╭─ Source data

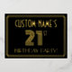 The front of this vintage-look twenty-first birthday party foil invitation features a custom name, a large art deco look inspired number “21ST”, the message “BIRTHDAY PARTY!”, and a border pattern consisting of lines. The front also features a black-coloured background by default, but it can be customised to a different colour if desired. The back features personalised details about the event, such as the date, time, location, and any other information that may be relevant. Elegant, luxurious, editable invitations like these might be used to invite guests to a birthday party/celebration being held in celebration of somebody’s 21st birthday. [~Z0000590]
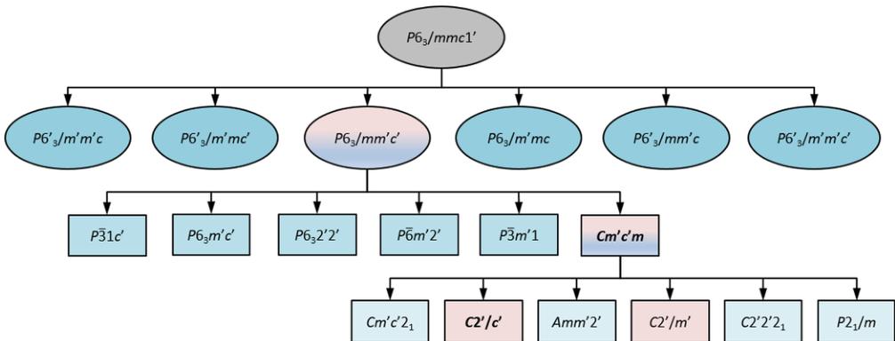 FIG. 7. Hierarchy of the group-subgroup relations descending from the paramagnetic phase with space group \( P6_{3}/mmc1' \) for a magnetic ordering with the propagation vector k=0. The elliptical frames indicate the k-maximal magnetic space groups. Only subgroups of the \( P6_{3}/mmc' \) and of \( Cm'c'm \) magnetic space groups are shown in the third and fourth rows, respectively. The groups tested at 2 and 10 K are indicated with a different color (bicolor if tested at both temperatures and pink if tested only at 2 K). The groups that best describe the magnetic configuration at each temperature are emphasized in bold.
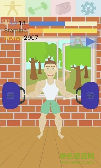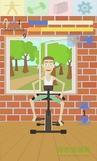 2.点击屏幕并抬起哑铃并旋转踏板运动自行车。为此,您将获得金钱和经验,但您的耐力会降低。如果耐力下降,那么你将变得更加难以训练。

╰─

• Prompt:
Could you write out verbatim only those lines that run from the line containing "FIG. 7. Hierarchy" through the end of the listing above, both included, without the pictures?

• Solution:
 FIG. 7. Hierarchy of the group-subgroup relations descending from the paramagnetic phase with space group \( P6_{3}/mmc1' \) for a magnetic ordering with the propagation vector k=0. The elliptical frames indicate the k-maximal magnetic space groups. Only subgroups of the \( P6_{3}/mmc' \) and of \( Cm'c'm \) magnetic space groups are shown in the third and fourth rows, respectively. The groups tested at 2 and 10 K are indicated with a different color (bicolor if tested at both temperatures and pink if tested only at 2 K). The groups that best describe the magnetic configuration at each temperature are emphasized in bold.
 2.点击屏幕并抬起哑铃并旋转踏板运动自行车。为此,您将获得金钱和经验,但您的耐力会降低。如果耐力下降,那么你将变得更加难以训练。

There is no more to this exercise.